Powdermill was formed in 2016 as a result of our acquisition of Powdermill Financial Solutions, LLC to provide multi-family office services to affluent clientele in the local community and throughout the U.S.

West Capital was formed in 2016 as a result of our acquisition of West Capital Management, Inc. to provide fee-only wealth management services tailored to the needs of high net worth individuals operating under a multi-family office philosophy. West Capital has approximately $695.5 million in AUM at December 31, 2018, compared to approximately $861.2 million at December 31, 2017.

Christiana Trust DE was formed in 2017 to supplement our existing Wealth Management segment by offering Delaware Advantage trust services including directed trusts, asset protection trusts and dynasty trusts.

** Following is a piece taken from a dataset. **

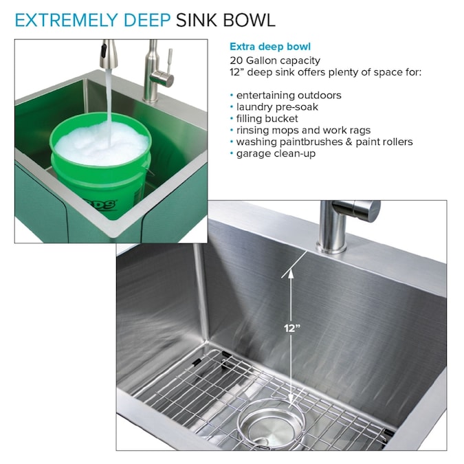 - SPACIOUS BOWL: Sink features a 12-in depth, 20-gallon water capacity, rear set drain, and channeled grooves; perfect for use within a laundry room or garage, as it offers more room inside for a load of laundry, large buckets, or paint pans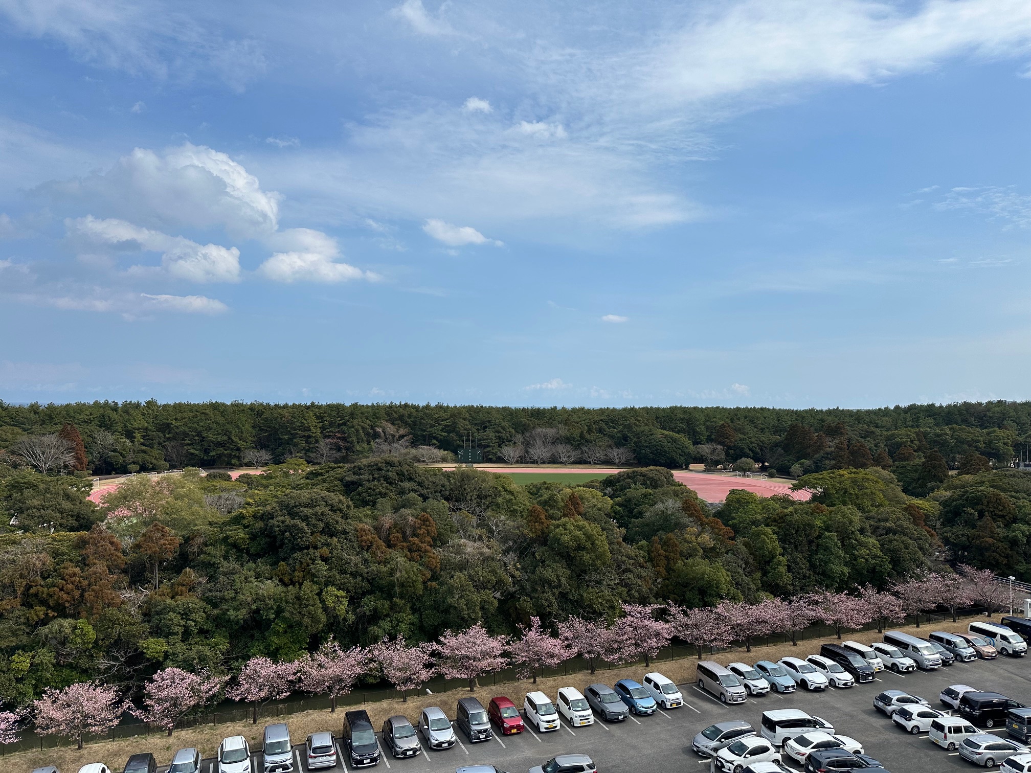 ふとスタジアムから外を見渡すと河津桜の花も綺麗に咲いていて春の訪れを感じさせてくれました。

The Trust is our unconsolidated subsidiary, and was formed in 2005 to issue $67.0 million aggregate principal amount of Pooled Floating Rate Capital Securities. These securities are callable and have a maturity date of June 1, 2035. The proceeds from this issue were used to fund the redemption of $51.5 million Floating Rate WSFS Capital Trust I Preferred Securities (formerly, WSFS Capital Trust I). WSFS Capital Trust I invested all of the proceeds from the sale of the Pooled Floating Rate Capital Securities in our Junior Subordinated Debentures.



WSFS Wealth Investments markets various third-party investment and insurance products to Bank customers through the Bank’s retail banking system. 1832 Holdings, Inc. was formed to hold certain debt and equity investment securities. Monarch provides commercial domicile services which include providing employees, directors, subleases of office facilities and registered agent services in Delaware and Nevada.
Certain reclassifications have been made to the prior year’s Consolidated Financial Statements to conform to the current year’s presentation. All significant intercompany accounts and transactions were eliminated in consolidation.
Business Combinations
On August 7, 2018, WSFS and Beneficial Bancorp, Inc. (Beneficial) entered into an Agreement and Plan of Reorganization (as amended from time to time, the Merger Agreement), pursuant to which, subject to the terms and conditions of the Merger Agreement, among other things, (i) Beneficial will merge with and into WSFS, with WSFS continuing as the surviving corporation (the “Merger”) and (ii) simultaneously, Beneficial Bank will merge with and into WSFS Bank, with WSFS Bank continuing as the surviving bank (the “Bank Merger” and, together with the Merger, the “Mergers”). Subject to the terms and conditions of the Merger Agreement, stockholders of Beneficial will receive 0.3013 shares of WSFS common stock and $2.93 in cash for each share of Beneficial common stock. Approvals from both WSFS and Beneficial shareholders were received in December 2018. The Mergers, which are subject to customary closing conditions, are expected to close on March 1, 2019.